# Exercise goal
In your copy of the data, keep every word exact and include no pictures.

═══ Stored data ═══

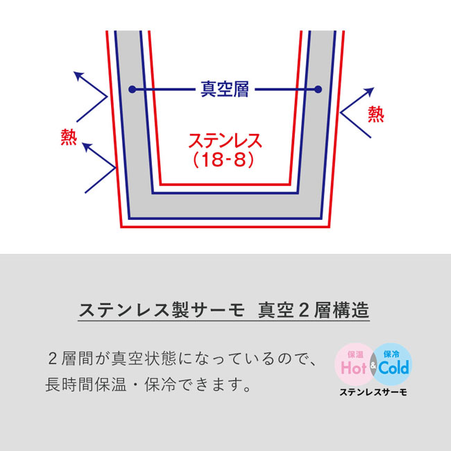 飲み口にはカバーが付いているため、直接口をつけても優しい口当たりです。口径が広く氷をそのまま入れられるので、暑い季節は冷たい飲み物の持ち運びに重宝します。どなたでも使いやすいよう細部にこだわっていて、世代を問わず喜ばれるノベルティです。
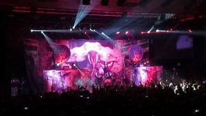 Das neue Album "Brotherhood Of The Snake", das am 28.10.2016 erschienen ist, stand logischerweise im Vordergrund, wobei ich (und auch andere) noch nicht mit dem Material vertraut waren. Das Backdrop mit dem Cover sah klasse aus, insbesondere durch die Totenschädel mit den leuchtenden Augen.
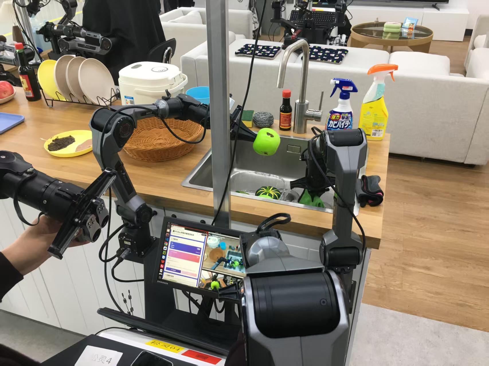 四天前,负责操控机器人洗水果的操作员收到了一份详细的任务文档。他需严格按照客户要求,在四个仿真水果表面涂抹模拟污渍,随后通过遥操作器控制机械臂完成一系列动作:拿起水果、打开水龙头、擦洗污渍、将水果放回篮中。只有四个水果全部清洗完毕,才算完成一遍训练流程。 遥操作器配备了两只机械臂,每只机械臂拥有六个关节,其中三个可横向移动,三个可纵向移动,与实际执行任务的机器人关节一一对应。尽管设计精密,但机械臂的灵活性仍不及人类关节,导致动作速度相对缓慢。 截至目前,该操作员已重复完成160遍任务,累计清洗了640个水果。而客户的要求是500遍,这意味着他还需至少保质保量地重复六天。这500条数据,旨在帮助大模型理解“洗净水果”的具体标准——不仅需要采集“清洗”动作的数据,还需通过机器人夹爪及顶端的摄像头,捕捉“干净”状态的视觉信息。此外,操作员需实时更换背景元素,如将洗手池上的清洁剂替换为洗洁精,或调整海绵擦与钢丝球的位置,以增强模型的泛化能力,确保机器人在不同场景下均能完成任务。 这只是北京人形机器人创新中心数据与训练基地的众多场景之一。基地还根据客户需求,搭建了家居、商超、办公、工业、医药、康养等30余个领域的应用场景。目前,120余台机器人正在人工操控下,以缓慢而精准的动作完成指定任务,如摆放水果、给婴儿更换尿布、整理工具箱、将矿泉水从冰箱搬运至收银台等。每个动作均需重复上百次,以确保数据质量。
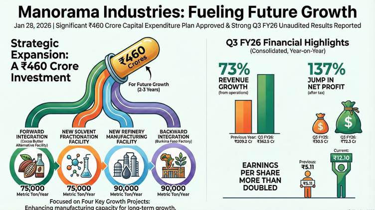 Manorama Industries Ltd. (MANORAMA.NS) on Tuesday reported a 32% rise in consolidated net profit for the December quarter, supported by higher revenue, while its board approved a multi-year capacity expansion plan.
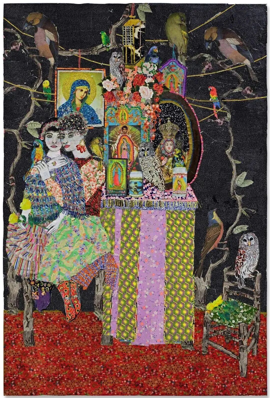 2015年作,水彩、莱茵石及和纸拼贴于画布,
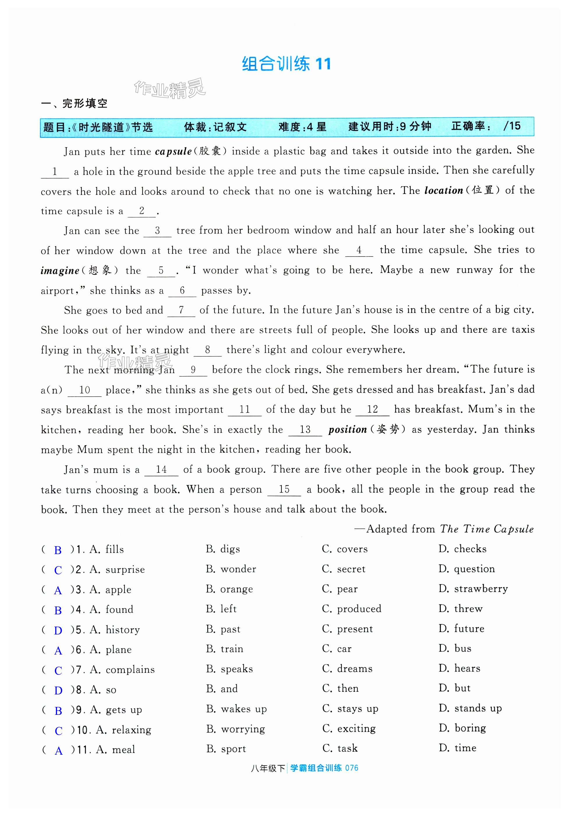 注:目前有些书本章节名称可能整理的还不是很完善,但都是按照顺序排列的,请同学们按照顺序仔细查找。练习册 2024年学霸组合训练八年级英语下册译林版 答案主要是用来给同学们做完题方便对答案用的,请勿直接抄袭。

═══

# Output of the task
 飲み口にはカバーが付いているため、直接口をつけても優しい口当たりです。口径が広く氷をそのまま入れられるので、暑い季節は冷たい飲み物の持ち運びに重宝します。どなたでも使いやすいよう細部にこだわっていて、世代を問わず喜ばれるノベルティです。
 Das neue Album "Brotherhood Of The Snake", das am 28.10.2016 erschienen ist, stand logischerweise im Vordergrund, wobei ich (und auch andere) noch nicht mit dem Material vertraut waren. Das Backdrop mit dem Cover sah klasse aus, insbesondere durch die Totenschädel mit den leuchtenden Augen.
 四天前,负责操控机器人洗水果的操作员收到了一份详细的任务文档。他需严格按照客户要求,在四个仿真水果表面涂抹模拟污渍,随后通过遥操作器控制机械臂完成一系列动作:拿起水果、打开水龙头、擦洗污渍、将水果放回篮中。只有四个水果全部清洗完毕,才算完成一遍训练流程。 遥操作器配备了两只机械臂,每只机械臂拥有六个关节,其中三个可横向移动,三个可纵向移动,与实际执行任务的机器人关节一一对应。尽管设计精密,但机械臂的灵活性仍不及人类关节,导致动作速度相对缓慢。 截至目前,该操作员已重复完成160遍任务,累计清洗了640个水果。而客户的要求是500遍,这意味着他还需至少保质保量地重复六天。这500条数据,旨在帮助大模型理解“洗净水果”的具体标准——不仅需要采集“清洗”动作的数据,还需通过机器人夹爪及顶端的摄像头,捕捉“干净”状态的视觉信息。此外,操作员需实时更换背景元素,如将洗手池上的清洁剂替换为洗洁精,或调整海绵擦与钢丝球的位置,以增强模型的泛化能力,确保机器人在不同场景下均能完成任务。 这只是北京人形机器人创新中心数据与训练基地的众多场景之一。基地还根据客户需求,搭建了家居、商超、办公、工业、医药、康养等30余个领域的应用场景。目前,120余台机器人正在人工操控下,以缓慢而精准的动作完成指定任务,如摆放水果、给婴儿更换尿布、整理工具箱、将矿泉水从冰箱搬运至收银台等。每个动作均需重复上百次,以确保数据质量。
 Manorama Industries Ltd. (MANORAMA.NS) on Tuesday reported a 32% rise in consolidated net profit for the December quarter, supported by higher revenue, while its board approved a multi-year capacity expansion plan.
 2015年作,水彩、莱茵石及和纸拼贴于画布,
 注:目前有些书本章节名称可能整理的还不是很完善,但都是按照顺序排列的,请同学们按照顺序仔细查找。练习册 2024年学霸组合训练八年级英语下册译林版 答案主要是用来给同学们做完题方便对答案用的,请勿直接抄袭。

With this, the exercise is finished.